00:41:11Because you got cute.
00:41:13You don't know.
00:41:14Here's what you get.
00:41:14Here's what you get.
00:41:15Oh, also, can I also just say, it's so funny you said that, John, because my third thing about this, you got donuts, you got bagels, you nailed it, is pizza.
00:41:23And like one of the best things about having a kid is that you learn something about life that you should have learned a long time ago, which is very few people like it when you get cute with pizza.
00:41:33You know who really hates it is kids.
00:41:35So you go out after soccer.
00:41:36Tyler's soccer team is going to go to Roundtable's shitty pizza place because for some reason, I don't know, I don't know whose cat was saved, I guess, was saved from a tree.
00:41:46Now everybody goes to these shitty pizza places after pizza.
00:41:49Don't get cute.
00:41:50You know what you get?
00:41:51You get a cheese pizza.
00:41:52You get another, you might get a pepperoni, but you know what?
00:41:56You gotta get a pepperoni.
00:41:58Here we go.
00:41:59High ceiling, high floor is a cheese pizza.
00:42:03Like meatballs, it's hard to screw up, right?

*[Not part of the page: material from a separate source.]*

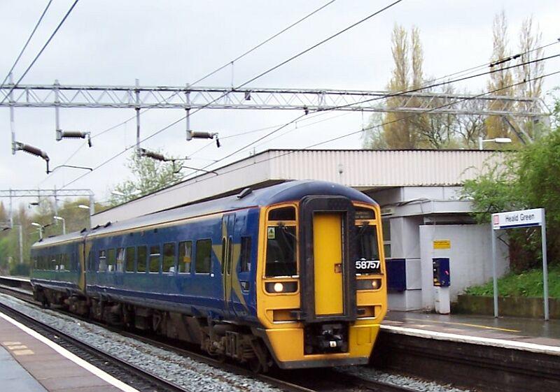 158 790 Central fährt am 21.04.2005 von Manchster Piccadilly nach Manchester Airport durch die Haltestelle Heald Green. Hier sieht man gut eine Besonderheit der britischen Eisenbahnen, sie haben bei Tag immer den rechten Scheinwerfer eingeschaltet.

00:42:06Yeah, but we cannot all agree on cheese.
00:42:08I will not go.
00:42:09Why would we agree on cheese?
00:42:12Can you make it half serrano pepper and half human misery?
00:42:16Like, oh, the kids are going to love this.
00:42:18No, cheese pizza, because kids are picky eaters.
00:42:21And that is something people can sort of get along with.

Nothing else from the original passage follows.